#### Recorded data
•••
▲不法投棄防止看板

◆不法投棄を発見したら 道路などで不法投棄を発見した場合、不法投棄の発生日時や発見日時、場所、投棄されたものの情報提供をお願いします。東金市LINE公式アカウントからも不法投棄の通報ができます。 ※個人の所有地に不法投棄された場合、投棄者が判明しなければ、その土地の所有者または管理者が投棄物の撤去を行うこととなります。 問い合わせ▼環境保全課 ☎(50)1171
•••
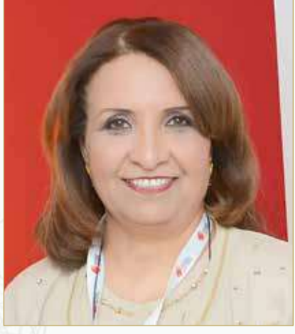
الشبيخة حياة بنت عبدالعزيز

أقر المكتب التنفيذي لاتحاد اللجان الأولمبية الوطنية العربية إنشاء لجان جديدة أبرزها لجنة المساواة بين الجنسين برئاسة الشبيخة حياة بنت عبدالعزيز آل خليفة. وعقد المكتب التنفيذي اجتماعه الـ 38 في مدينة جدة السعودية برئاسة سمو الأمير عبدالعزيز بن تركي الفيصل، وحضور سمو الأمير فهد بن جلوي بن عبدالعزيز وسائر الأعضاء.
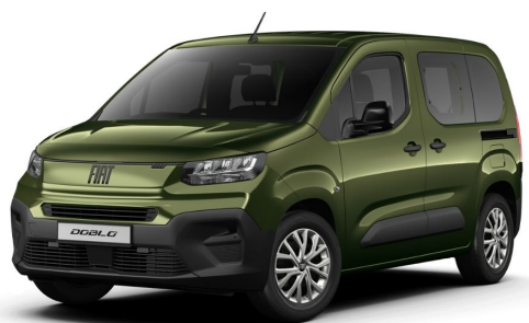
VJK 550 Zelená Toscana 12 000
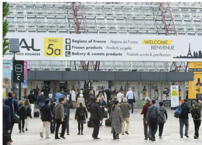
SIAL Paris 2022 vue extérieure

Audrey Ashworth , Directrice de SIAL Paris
•••
#### What you should do
Where the string "SIAL" appears in a line of the listing, copy that line.

#### Reply to the task
SIAL Paris 2022 vue extérieure
Audrey Ashworth , Directrice de SIAL Paris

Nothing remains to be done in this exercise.